**Data extract**:

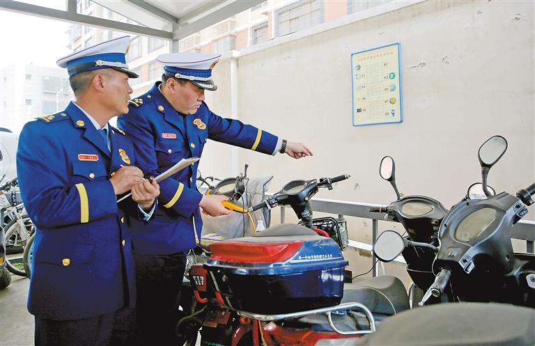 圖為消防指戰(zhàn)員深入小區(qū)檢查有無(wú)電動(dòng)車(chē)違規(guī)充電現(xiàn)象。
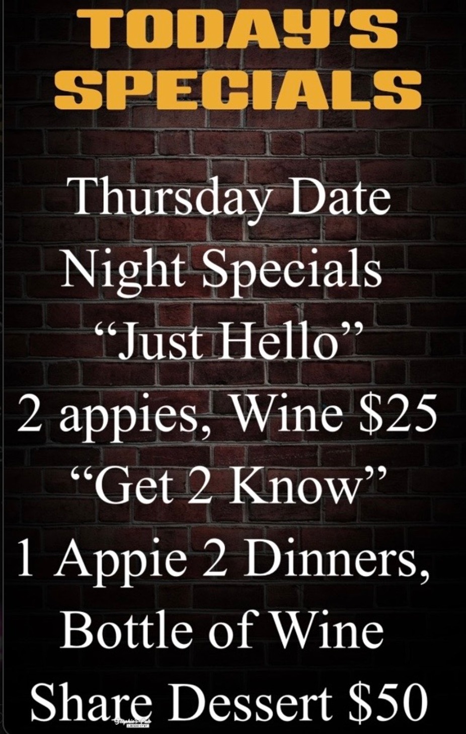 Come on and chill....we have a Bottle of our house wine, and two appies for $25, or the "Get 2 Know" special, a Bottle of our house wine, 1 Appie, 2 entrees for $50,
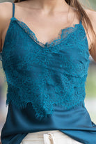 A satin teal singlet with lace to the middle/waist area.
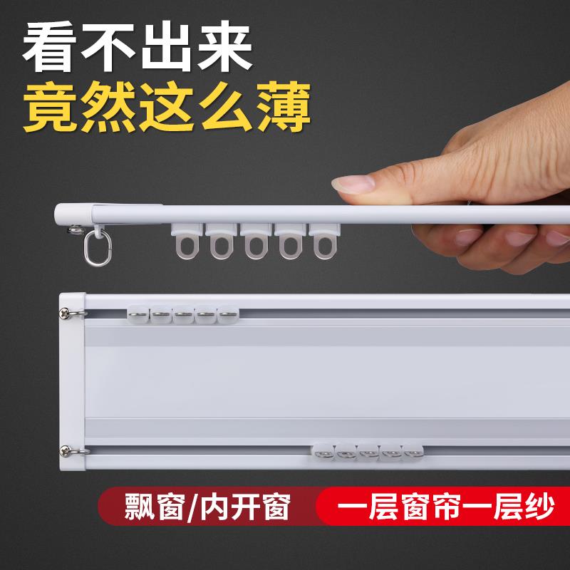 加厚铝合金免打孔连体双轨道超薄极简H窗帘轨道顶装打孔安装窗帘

**Exercise brief**: Your job is to reproduce the material exactly. Keep pictures out of it.

**Answer to this task**:
 圖為消防指戰(zhàn)員深入小區(qū)檢查有無(wú)電動(dòng)車(chē)違規(guī)充電現(xiàn)象。
 Come on and chill....we have a Bottle of our house wine, and two appies for $25, or the "Get 2 Know" special, a Bottle of our house wine, 1 Appie, 2 entrees for $50,
 A satin teal singlet with lace to the middle/waist area.
 加厚铝合金免打孔连体双轨道超薄极简H窗帘轨道顶装打孔安装窗帘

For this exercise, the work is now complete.